Perhaps (and I can safely say that they, too, are an excellent venue - lots of us here are or were there, too).

But what it points out even more is just how likely some sort of "advice collision" is when you're trying to work a single issue in multiple venues where none knows what the other has said and where you (the generic you) have offered differing information, sometimes based on different questions having been asked.

There's nothing wrong with seeking help from more than one venue, but virtually any one of them will advise that the way to do that is sequentially, not simultaneously.

No assistant wants to have a black box of other things going on about which they know nothing and that could produce negative to catastrophic results if inappropriately mixed with something they're suggesting.


----------



## weybrew (Sep 22, 2008)

britechguy...acknowledged


----------



## Stancestans (Apr 26, 2009)

Fred Knurke said:


> Excellent advertisment for Bleepingcomputers.


Here https://www.excelguru.ca/content.php?184 is something to put things into perspective.


----------



## Gary R (Jul 23, 2008)

Stancestans said:


> Here https://www.excelguru.ca/content.php?184 is something to put things into perspective.
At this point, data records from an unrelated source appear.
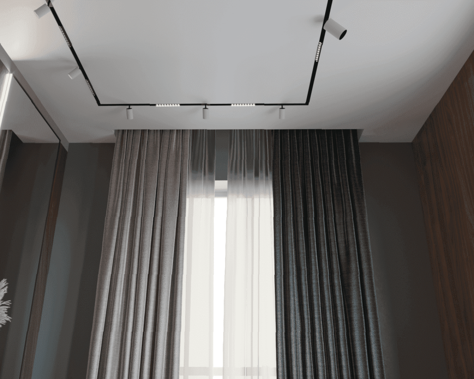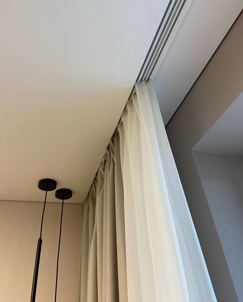 Комбинируя натяжной потолок и гардины для штор, вы получите эффектное сочетание, которое обязательно привлечет внимание. Гардины мягко опускаются на фоне гладкого и ровного потолка, создавая согласованный образ. Они могут быть выбраны в тон потолка или, наоборот, стать ярким акцентом в интерьере.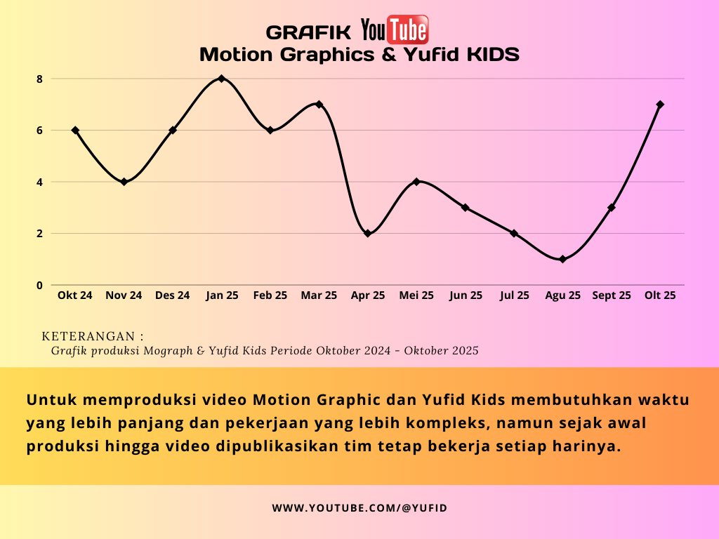 Untuk memproduksi video Motion Graphic dan Yufid Kids membutuhkan waktu yang lebih panjang dan pekerjaan yang lebih kompleks, namun sejak awal produksi hingga video dipublikasikan tim tetap bekerja setiap harinya.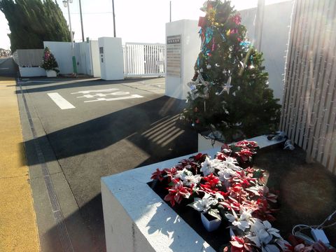 クリスマスが近づいてきたいつものサンタさんたちが玄関にお出まし。 |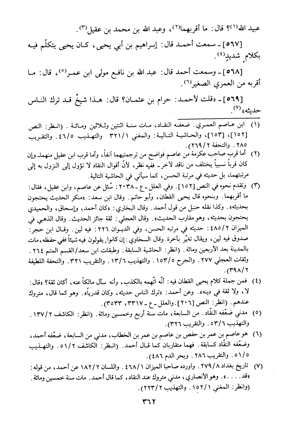[568] وَسمعت أَحْمد قَالَ عبد الله بن نَافِع مولى ابْن عمر قَالَ مَا أقربه من الْعمريّ الصَّغِير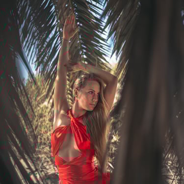 A curated flying dress is available in red, designed to move beautifully with light and wind.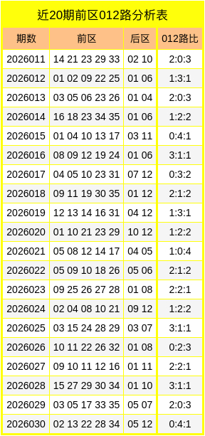 详细分析,第26031期大乐透前区012路比参考3:0:2。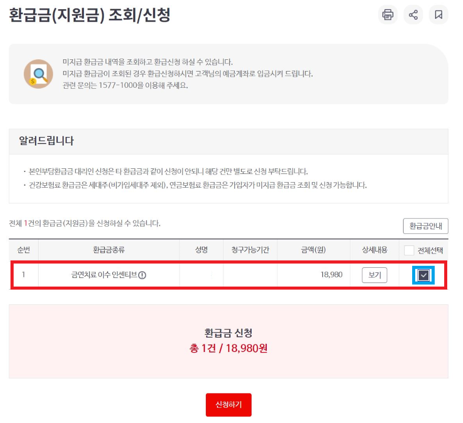 문의 결과 환불이 있는 경우에는 국민건강보험공단에 환불을 신청하실 수 있습니다.

Dead right, and said more eloquently than I ever could have phrased it. :thumb:


----------



## geo791 (Feb 4, 2008)

weybrew,
Most desktop motherboards do not have integrated wifi. The more pricey gaming boards may have wifi, and they will usually state that they do right in the description. I use a USB Netgear wifi adapter when working on client's computers in my basement. It connects to my network upstairs fine, though the speed is much slower. Laptops pretty much all have built in wifi, but, desktops do not. Also, if you are able to use a direct connection using an ethernet cable, that will always yield a better and faster Internet speed. This can be easily verified using speedtest.com.


----------